The viewpoints are mathematically linked.

Stable Diffusion code usually trains the noise view.

ELBO derivations often explain the probabilistic foundation.

Score matching explains the vector-field intuition.

One job.

Three stories.

2) Noise prediction with a full worked example

Start with a toy clean value x0 = 0.70.

Let alpha_bar_t = 0.64.

Let the sampled noise be epsilon = 0.50.

Then sqrt(alpha_bar_t) = 0.80 and sqrt(1 - alpha_bar_t) = 0.60.

So the noisy input is:

x_t = 0.80 × 0.70 + 0.60 × 0.50
    = 0.56 + 0.30
    = 0.86

Suppose the model predicts epsilon_hat = 0.45.

The simple MSE loss is:

L = (epsilon_hat - epsilon)^2
  = (0.45 - 0.50)^2
  = (-0.05)^2
  = 0.0025

Good.

That 0.0025 is the number from the recall section.

And because we predicted noise, we can also recover a clean-image estimate.

x0_hat = (x_t - 0.60 × epsilon_hat) / 0.80
       = (0.86 - 0.27) / 0.80
       = 0.59 / 0.80
       = 0.7375

So noise prediction is not a dead end.

It quietly gives you x0_hat too.

That is why the three stories stay connected.

3) Score matching and ELBO are two more views of the same training

Now zoom out.

In score language, the model learns a vector field that points from noisy regions toward probable image regions.

In ELBO language, we are maximizing a variational lower bound for the full latent-variable model.

In code, we often optimize a weighted MSE.

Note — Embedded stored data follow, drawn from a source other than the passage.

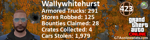 [URL=http://GTAonlinestats.com/showplayer/Wallywhitehurst][IMG]http://GTAonlinestats.com/randomsignature/Wallywhitehurst/sig.png[/IMG][/URL]
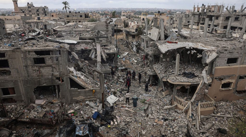70% der 439.000 Wohnungen/Häuser in Gaza zerstört (Wallstreet Journal); von den 36 Hospitälern Gazas sind noch drei funktionsfähig – fatal für die Überlebenden; 2/3 der Schulen sind zerstört oder schwer beschädigt, ebenso Kirchen und 100 Moscheen‘.
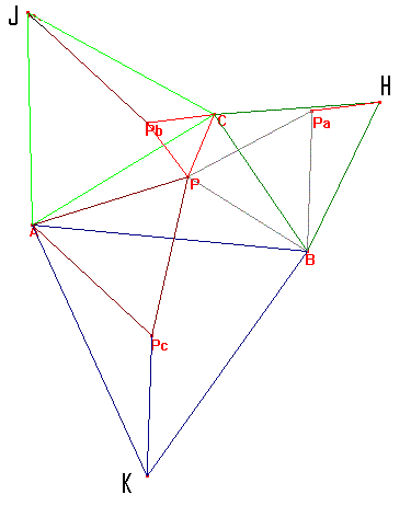 el triángulo BPC se transforma en el BPaH, el CPA se transforma en el CPbJ, y el APB en el APcK.
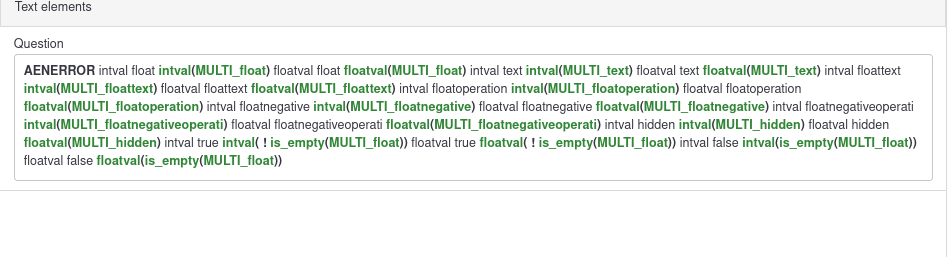 | Description | When view question text in 3.X and before : Expression part are shown with specific color. Currently even error are not shown as red. | ||||

These are not three unrelated religions.

They are three camera angles.

score view : learn where higher data density lies at each noise level
ELBO view  : justify the probabilistic model end to end
MSE view   : train a practical denoiser that actually converges on GPUs

Researchers keep the ELBO because it explains the model family cleanly.

Engineers keep the MSE because it is stable and simple.

Both are useful.

If you understand the bridge, interview questions stop sounding scary.

4) Why noise prediction became the practical favorite

Noise is statistically simple.

Images are not.

That one sentence explains a lot.

Predicting raw pixels means chasing texture, color, semantics, and dataset bias all at once.

Predicting Gaussian noise gives a cleaner target distribution.

It also behaves well across timesteps.

Early steps and late steps still share the same noise-language target.

This is why Stable Diffusion, Imagen, and many production U-Nets default to epsilon prediction or close cousins like v prediction.

practical recipe:
build x_t from known x0 and epsilon
train U-Net to predict epsilon
recover x0_hat when needed
sample with the same denoiser repeatedly

Elegant theory matters.

But when training budgets are real and deadlines are rude, people choose the target that optimizes cleanly.

Noise prediction earned that trust.

Where this lives in the wild

  • Stable Diffusion training scripts — usually optimize noise prediction because it is simple and stable across huge datasets.

  • SDXL variants with v-prediction — alternative parameterizations are chosen to behave better under certain scheduler settings.

  • Hugging Face Diffusers fine-tuning examples — losses are written in the practical epsilon-prediction form.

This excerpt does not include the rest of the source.